__DATA TO EXAMINE__.
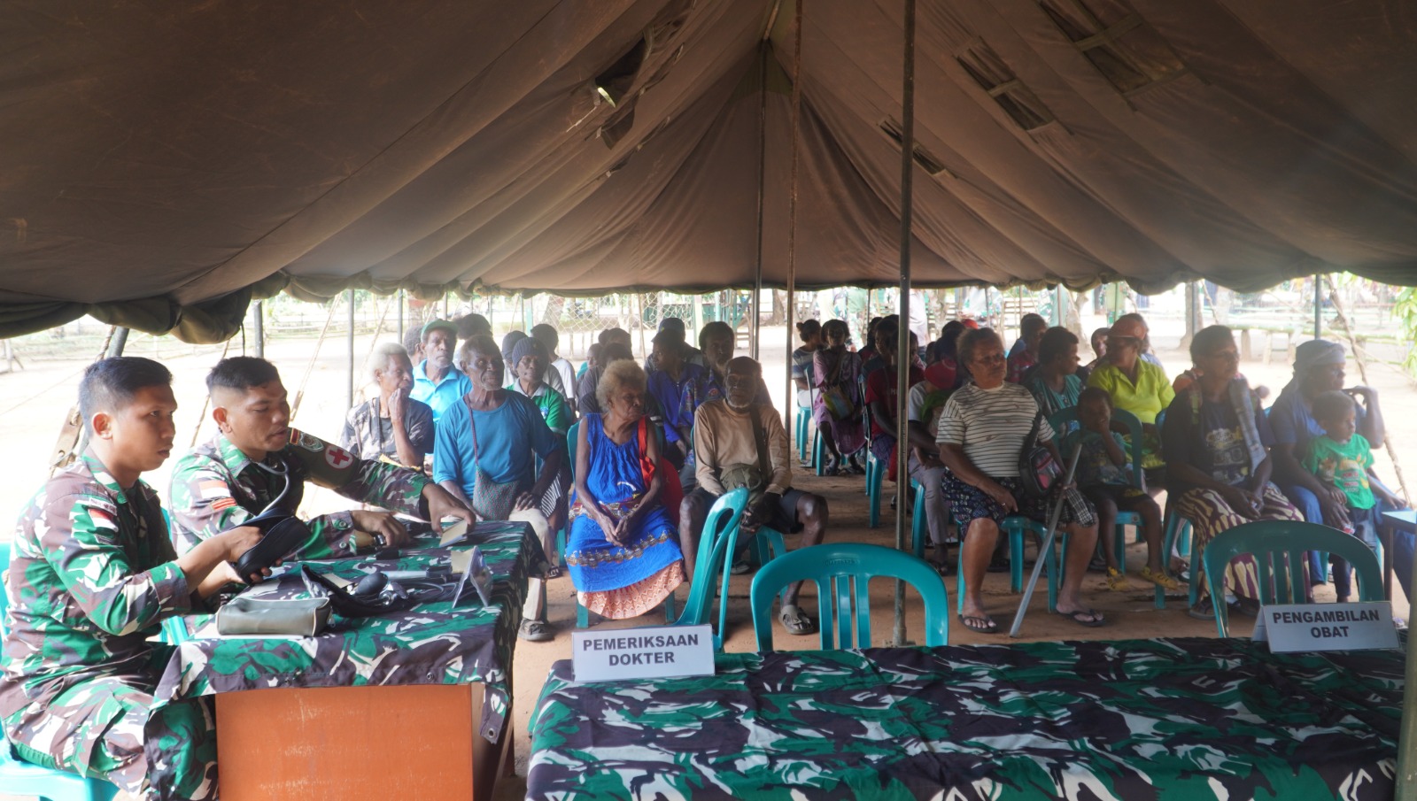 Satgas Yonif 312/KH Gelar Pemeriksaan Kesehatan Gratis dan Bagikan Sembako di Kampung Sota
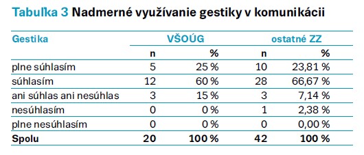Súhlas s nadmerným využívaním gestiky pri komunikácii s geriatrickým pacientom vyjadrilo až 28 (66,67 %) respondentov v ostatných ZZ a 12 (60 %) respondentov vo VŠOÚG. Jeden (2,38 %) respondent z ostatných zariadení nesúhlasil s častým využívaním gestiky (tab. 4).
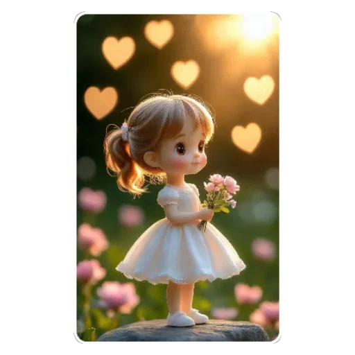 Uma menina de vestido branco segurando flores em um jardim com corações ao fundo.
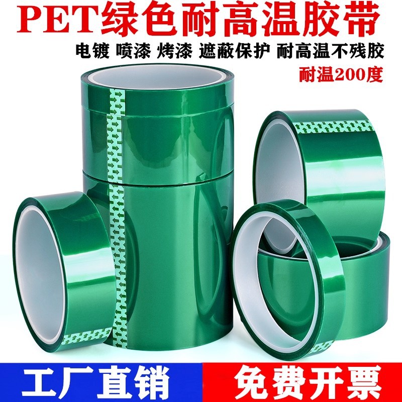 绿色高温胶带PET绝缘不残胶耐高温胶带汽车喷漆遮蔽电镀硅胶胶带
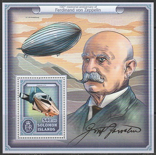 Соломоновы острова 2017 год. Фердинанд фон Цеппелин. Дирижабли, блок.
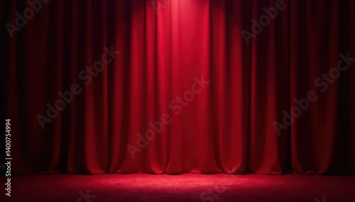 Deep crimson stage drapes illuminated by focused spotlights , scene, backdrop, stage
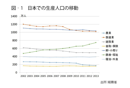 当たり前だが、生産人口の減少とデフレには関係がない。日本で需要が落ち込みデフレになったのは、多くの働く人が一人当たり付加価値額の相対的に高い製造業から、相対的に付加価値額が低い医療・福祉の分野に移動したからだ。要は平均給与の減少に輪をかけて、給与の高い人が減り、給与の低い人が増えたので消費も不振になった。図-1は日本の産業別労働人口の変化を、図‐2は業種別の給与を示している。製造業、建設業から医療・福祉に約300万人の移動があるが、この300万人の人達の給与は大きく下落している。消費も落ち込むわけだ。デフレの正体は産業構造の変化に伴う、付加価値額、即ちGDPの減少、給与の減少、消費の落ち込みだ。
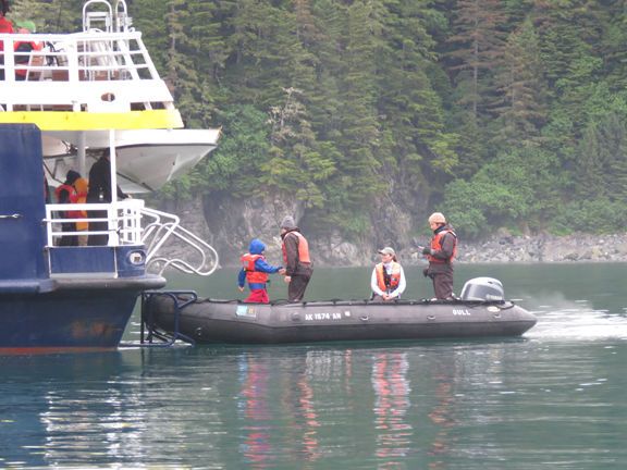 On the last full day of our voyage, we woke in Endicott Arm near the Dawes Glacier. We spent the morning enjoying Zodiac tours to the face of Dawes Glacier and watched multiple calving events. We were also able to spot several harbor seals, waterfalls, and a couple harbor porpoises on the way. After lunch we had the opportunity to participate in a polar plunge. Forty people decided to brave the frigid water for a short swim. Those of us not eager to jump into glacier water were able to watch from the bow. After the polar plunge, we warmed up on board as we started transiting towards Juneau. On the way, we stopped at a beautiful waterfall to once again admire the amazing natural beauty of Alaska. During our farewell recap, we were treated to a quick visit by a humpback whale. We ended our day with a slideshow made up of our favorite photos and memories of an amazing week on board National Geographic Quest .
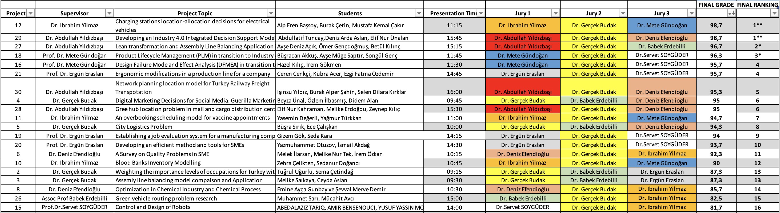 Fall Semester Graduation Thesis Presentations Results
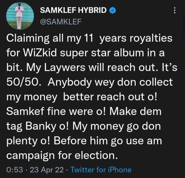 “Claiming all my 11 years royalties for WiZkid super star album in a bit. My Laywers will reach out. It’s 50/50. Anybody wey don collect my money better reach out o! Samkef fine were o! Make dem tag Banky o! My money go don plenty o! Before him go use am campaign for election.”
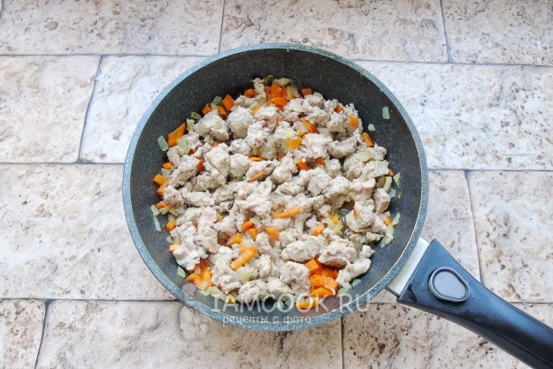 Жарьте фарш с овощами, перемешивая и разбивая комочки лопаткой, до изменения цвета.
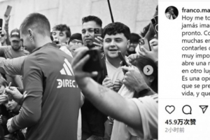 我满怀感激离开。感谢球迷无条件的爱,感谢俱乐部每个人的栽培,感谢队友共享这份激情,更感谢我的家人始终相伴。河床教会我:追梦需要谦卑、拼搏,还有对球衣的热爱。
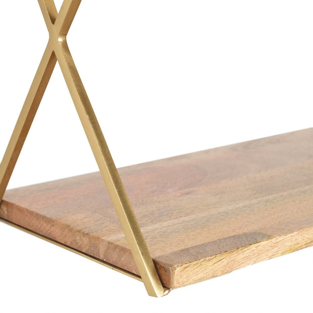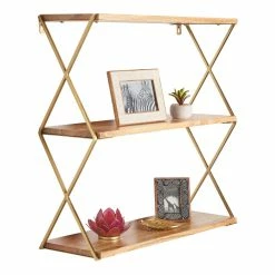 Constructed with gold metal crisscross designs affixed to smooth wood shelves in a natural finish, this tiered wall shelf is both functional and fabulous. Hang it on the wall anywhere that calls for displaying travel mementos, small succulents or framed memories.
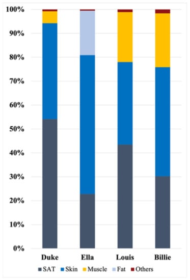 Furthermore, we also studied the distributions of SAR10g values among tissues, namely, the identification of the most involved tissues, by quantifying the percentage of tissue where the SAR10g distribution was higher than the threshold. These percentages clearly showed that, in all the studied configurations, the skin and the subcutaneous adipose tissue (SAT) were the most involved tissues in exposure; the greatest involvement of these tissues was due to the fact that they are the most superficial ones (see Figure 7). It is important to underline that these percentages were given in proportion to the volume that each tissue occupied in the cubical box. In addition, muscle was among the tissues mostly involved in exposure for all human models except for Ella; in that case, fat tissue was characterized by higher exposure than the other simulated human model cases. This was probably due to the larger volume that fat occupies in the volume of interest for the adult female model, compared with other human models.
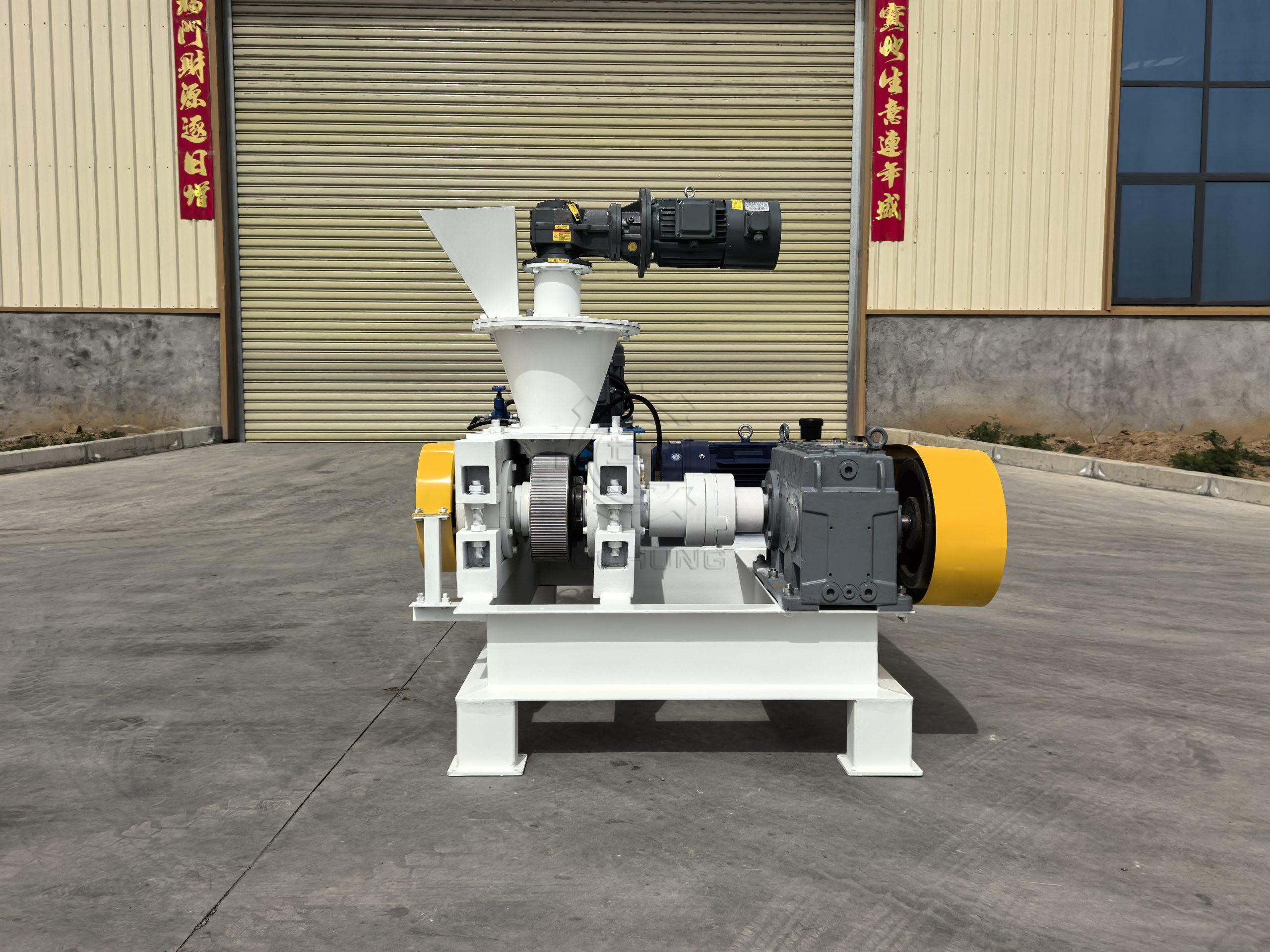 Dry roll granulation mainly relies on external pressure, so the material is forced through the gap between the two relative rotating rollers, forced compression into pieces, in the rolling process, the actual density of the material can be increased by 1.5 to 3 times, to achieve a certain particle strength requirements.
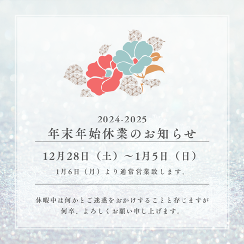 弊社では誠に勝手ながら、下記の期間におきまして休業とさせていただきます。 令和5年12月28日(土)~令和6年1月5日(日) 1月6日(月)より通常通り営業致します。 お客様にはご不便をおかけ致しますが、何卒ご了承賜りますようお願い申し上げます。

__TASK OBJECTIVE__. Everything in the records except the pictures should be retyped exactly.

__ANSWER TO THIS TASK__.
 Satgas Yonif 312/KH Gelar Pemeriksaan Kesehatan Gratis dan Bagikan Sembako di Kampung Sota
Súhlas s nadmerným využívaním gestiky pri komunikácii s geriatrickým pacientom vyjadrilo až 28 (66,67 %) respondentov v ostatných ZZ a 12 (60 %) respondentov vo VŠOÚG. Jeden (2,38 %) respondent z ostatných zariadení nesúhlasil s častým využívaním gestiky (tab. 4).
 Uma menina de vestido branco segurando flores em um jardim com corações ao fundo.
 绿色高温胶带PET绝缘不残胶耐高温胶带汽车喷漆遮蔽电镀硅胶胶带
 Соломоновы острова 2017 год. Фердинанд фон Цеппелин. Дирижабли, блок.
 Deep crimson stage drapes illuminated by focused spotlights , scene, backdrop, stage
 当たり前だが、生産人口の減少とデフレには関係がない。日本で需要が落ち込みデフレになったのは、多くの働く人が一人当たり付加価値額の相対的に高い製造業から、相対的に付加価値額が低い医療・福祉の分野に移動したからだ。要は平均給与の減少に輪をかけて、給与の高い人が減り、給与の低い人が増えたので消費も不振になった。図-1は日本の産業別労働人口の変化を、図‐2は業種別の給与を示している。製造業、建設業から医療・福祉に約300万人の移動があるが、この300万人の人達の給与は大きく下落している。消費も落ち込むわけだ。デフレの正体は産業構造の変化に伴う、付加価値額、即ちGDPの減少、給与の減少、消費の落ち込みだ。
 On the last full day of our voyage, we woke in Endicott Arm near the Dawes Glacier. We spent the morning enjoying Zodiac tours to the face of Dawes Glacier and watched multiple calving events. We were also able to spot several harbor seals, waterfalls, and a couple harbor porpoises on the way. After lunch we had the opportunity to participate in a polar plunge. Forty people decided to brave the frigid water for a short swim. Those of us not eager to jump into glacier water were able to watch from the bow. After the polar plunge, we warmed up on board as we started transiting towards Juneau. On the way, we stopped at a beautiful waterfall to once again admire the amazing natural beauty of Alaska. During our farewell recap, we were treated to a quick visit by a humpback whale. We ended our day with a slideshow made up of our favorite photos and memories of an amazing week on board National Geographic Quest .
 Fall Semester Graduation Thesis Presentations Results
 “Claiming all my 11 years royalties for WiZkid super star album in a bit. My Laywers will reach out. It’s 50/50. Anybody wey don collect my money better reach out o! Samkef fine were o! Make dem tag Banky o! My money go don plenty o! Before him go use am campaign for election.”
 Жарьте фарш с овощами, перемешивая и разбивая комочки лопаткой, до изменения цвета.
 我满怀感激离开。感谢球迷无条件的爱,感谢俱乐部每个人的栽培,感谢队友共享这份激情,更感谢我的家人始终相伴。河床教会我:追梦需要谦卑、拼搏,还有对球衣的热爱。
 Constructed with gold metal crisscross designs affixed to smooth wood shelves in a natural finish, this tiered wall shelf is both functional and fabulous. Hang it on the wall anywhere that calls for displaying travel mementos, small succulents or framed memories.
 Furthermore, we also studied the distributions of SAR10g values among tissues, namely, the identification of the most involved tissues, by quantifying the percentage of tissue where the SAR10g distribution was higher than the threshold. These percentages clearly showed that, in all the studied configurations, the skin and the subcutaneous adipose tissue (SAT) were the most involved tissues in exposure; the greatest involvement of these tissues was due to the fact that they are the most superficial ones (see Figure 7). It is important to underline that these percentages were given in proportion to the volume that each tissue occupied in the cubical box. In addition, muscle was among the tissues mostly involved in exposure for all human models except for Ella; in that case, fat tissue was characterized by higher exposure than the other simulated human model cases. This was probably due to the larger volume that fat occupies in the volume of interest for the adult female model, compared with other human models.
 Dry roll granulation mainly relies on external pressure, so the material is forced through the gap between the two relative rotating rollers, forced compression into pieces, in the rolling process, the actual density of the material can be increased by 1.5 to 3 times, to achieve a certain particle strength requirements.
 弊社では誠に勝手ながら、下記の期間におきまして休業とさせていただきます。 令和5年12月28日(土)~令和6年1月5日(日) 1月6日(月)より通常通り営業致します。 お客様にはご不便をおかけ致しますが、何卒ご了承賜りますようお願い申し上げます。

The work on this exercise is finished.